-- Opening Marker --

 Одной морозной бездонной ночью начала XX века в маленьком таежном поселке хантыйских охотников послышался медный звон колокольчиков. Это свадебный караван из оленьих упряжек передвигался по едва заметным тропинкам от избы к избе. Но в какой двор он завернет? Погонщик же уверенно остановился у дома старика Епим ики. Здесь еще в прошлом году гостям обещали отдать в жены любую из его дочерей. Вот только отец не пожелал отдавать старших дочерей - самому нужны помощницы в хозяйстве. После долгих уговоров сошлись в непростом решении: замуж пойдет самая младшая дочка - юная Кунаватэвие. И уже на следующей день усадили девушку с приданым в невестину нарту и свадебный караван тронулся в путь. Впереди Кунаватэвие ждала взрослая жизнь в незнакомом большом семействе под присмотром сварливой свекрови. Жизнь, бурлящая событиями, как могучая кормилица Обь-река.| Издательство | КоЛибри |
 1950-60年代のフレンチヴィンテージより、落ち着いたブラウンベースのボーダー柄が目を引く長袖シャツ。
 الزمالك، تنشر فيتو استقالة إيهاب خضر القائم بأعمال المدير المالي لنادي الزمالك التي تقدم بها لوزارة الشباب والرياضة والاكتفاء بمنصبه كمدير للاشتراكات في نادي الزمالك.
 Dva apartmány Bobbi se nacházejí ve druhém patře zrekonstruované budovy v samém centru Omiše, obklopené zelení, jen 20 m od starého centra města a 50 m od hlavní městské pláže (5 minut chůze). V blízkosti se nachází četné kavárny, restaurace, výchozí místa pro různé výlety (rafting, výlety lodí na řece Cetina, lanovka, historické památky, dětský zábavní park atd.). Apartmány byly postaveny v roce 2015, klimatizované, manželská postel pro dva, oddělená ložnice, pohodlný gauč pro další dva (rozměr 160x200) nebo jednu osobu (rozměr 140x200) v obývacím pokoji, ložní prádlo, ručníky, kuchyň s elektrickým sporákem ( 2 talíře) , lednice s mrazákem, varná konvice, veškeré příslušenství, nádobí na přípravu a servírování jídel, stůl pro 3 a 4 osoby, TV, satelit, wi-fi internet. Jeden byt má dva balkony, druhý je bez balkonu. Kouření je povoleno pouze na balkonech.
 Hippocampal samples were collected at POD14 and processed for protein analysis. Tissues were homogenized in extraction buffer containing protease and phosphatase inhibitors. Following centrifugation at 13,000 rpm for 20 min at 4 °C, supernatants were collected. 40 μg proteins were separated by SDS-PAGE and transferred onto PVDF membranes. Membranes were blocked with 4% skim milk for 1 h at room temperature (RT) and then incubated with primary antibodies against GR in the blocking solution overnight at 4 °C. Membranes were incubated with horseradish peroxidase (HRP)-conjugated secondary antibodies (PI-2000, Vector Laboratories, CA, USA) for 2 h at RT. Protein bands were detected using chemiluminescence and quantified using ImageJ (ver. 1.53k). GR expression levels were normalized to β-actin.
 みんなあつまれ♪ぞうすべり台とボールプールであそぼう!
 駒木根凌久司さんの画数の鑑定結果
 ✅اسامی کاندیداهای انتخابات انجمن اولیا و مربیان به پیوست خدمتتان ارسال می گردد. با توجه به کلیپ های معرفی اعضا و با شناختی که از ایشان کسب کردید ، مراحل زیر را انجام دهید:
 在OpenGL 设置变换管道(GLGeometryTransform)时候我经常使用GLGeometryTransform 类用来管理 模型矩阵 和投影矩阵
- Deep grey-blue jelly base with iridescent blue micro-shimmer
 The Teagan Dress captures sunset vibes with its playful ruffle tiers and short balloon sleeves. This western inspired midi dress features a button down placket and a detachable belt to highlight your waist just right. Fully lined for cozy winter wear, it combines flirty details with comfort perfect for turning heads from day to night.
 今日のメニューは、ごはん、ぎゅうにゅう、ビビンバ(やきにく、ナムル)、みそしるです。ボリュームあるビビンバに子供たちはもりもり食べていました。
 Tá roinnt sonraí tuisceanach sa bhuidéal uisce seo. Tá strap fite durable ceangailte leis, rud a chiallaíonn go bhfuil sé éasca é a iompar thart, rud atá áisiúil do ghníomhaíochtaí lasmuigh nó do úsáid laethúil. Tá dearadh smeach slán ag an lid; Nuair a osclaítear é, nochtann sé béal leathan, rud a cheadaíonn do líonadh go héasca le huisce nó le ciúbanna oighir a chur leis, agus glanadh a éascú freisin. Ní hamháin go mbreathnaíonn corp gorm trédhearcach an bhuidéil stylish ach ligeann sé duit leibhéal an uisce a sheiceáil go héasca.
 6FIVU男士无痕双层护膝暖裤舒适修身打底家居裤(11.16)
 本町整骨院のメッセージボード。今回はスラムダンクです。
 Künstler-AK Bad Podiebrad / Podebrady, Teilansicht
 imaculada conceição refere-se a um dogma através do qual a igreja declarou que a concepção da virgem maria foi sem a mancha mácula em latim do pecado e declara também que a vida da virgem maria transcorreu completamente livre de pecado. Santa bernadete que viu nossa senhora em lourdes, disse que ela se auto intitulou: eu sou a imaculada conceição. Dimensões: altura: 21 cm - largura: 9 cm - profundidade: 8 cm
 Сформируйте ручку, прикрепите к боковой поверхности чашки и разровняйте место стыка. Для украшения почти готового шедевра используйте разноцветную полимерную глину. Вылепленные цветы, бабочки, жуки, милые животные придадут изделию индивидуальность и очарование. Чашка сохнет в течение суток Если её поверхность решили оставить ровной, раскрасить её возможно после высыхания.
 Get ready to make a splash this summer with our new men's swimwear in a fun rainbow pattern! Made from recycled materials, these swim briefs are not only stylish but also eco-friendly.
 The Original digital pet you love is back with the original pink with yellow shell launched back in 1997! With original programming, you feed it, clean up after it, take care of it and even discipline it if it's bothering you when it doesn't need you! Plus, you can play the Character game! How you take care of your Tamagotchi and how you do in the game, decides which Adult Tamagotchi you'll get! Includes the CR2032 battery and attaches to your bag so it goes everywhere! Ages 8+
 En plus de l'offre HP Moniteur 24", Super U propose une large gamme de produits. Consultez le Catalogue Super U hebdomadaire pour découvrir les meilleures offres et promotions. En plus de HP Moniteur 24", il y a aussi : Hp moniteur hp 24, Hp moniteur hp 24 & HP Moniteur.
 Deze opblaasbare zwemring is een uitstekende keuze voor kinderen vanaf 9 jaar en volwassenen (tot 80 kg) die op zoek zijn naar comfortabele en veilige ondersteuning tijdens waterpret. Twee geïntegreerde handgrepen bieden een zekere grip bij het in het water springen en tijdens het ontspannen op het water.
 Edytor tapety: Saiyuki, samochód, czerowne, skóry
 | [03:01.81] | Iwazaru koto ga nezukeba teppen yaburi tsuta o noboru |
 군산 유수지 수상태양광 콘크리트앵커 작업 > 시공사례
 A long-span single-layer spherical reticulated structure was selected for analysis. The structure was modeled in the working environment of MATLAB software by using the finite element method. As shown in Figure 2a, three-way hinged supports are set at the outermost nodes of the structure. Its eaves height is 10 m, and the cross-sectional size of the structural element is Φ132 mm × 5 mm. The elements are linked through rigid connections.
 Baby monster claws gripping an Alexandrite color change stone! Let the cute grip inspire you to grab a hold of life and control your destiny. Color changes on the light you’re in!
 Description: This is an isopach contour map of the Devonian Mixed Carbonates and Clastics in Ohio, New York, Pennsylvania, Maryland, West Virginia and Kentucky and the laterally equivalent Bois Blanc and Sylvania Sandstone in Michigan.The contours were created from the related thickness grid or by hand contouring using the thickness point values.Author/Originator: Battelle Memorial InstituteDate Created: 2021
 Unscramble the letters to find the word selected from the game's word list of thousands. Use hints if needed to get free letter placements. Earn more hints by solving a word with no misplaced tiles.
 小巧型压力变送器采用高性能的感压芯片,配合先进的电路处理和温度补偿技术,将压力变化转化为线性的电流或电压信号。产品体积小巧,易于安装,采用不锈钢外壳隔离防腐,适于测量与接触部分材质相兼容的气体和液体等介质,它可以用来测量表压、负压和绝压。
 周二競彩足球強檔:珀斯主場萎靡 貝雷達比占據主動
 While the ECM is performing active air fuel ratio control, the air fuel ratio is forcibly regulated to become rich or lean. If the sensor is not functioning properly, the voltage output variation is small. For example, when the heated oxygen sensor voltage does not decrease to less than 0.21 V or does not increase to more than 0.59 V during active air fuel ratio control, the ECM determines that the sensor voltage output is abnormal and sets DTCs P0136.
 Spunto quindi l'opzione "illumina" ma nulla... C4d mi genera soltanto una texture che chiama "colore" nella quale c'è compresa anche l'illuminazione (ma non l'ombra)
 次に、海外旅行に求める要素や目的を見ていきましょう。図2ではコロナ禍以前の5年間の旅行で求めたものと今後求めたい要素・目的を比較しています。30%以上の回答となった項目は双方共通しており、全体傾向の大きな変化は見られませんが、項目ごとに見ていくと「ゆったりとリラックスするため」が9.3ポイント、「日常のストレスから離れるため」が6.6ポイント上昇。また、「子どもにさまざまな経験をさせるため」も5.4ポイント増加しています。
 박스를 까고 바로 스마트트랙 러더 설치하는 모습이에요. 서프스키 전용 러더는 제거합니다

-- Closing Marker --

## What you are asked to do
Please give an exact copy of the entries above, from the line with "tsuta o noboru |" down to the line with "군산 유수지 수상태양광 콘크리트앵커 작업 > 시공사례", inclusive, and nothing else.

## Written solution
 | [03:01.81] | Iwazaru koto ga nezukeba teppen yaburi tsuta o noboru |
 군산 유수지 수상태양광 콘크리트앵커 작업 > 시공사례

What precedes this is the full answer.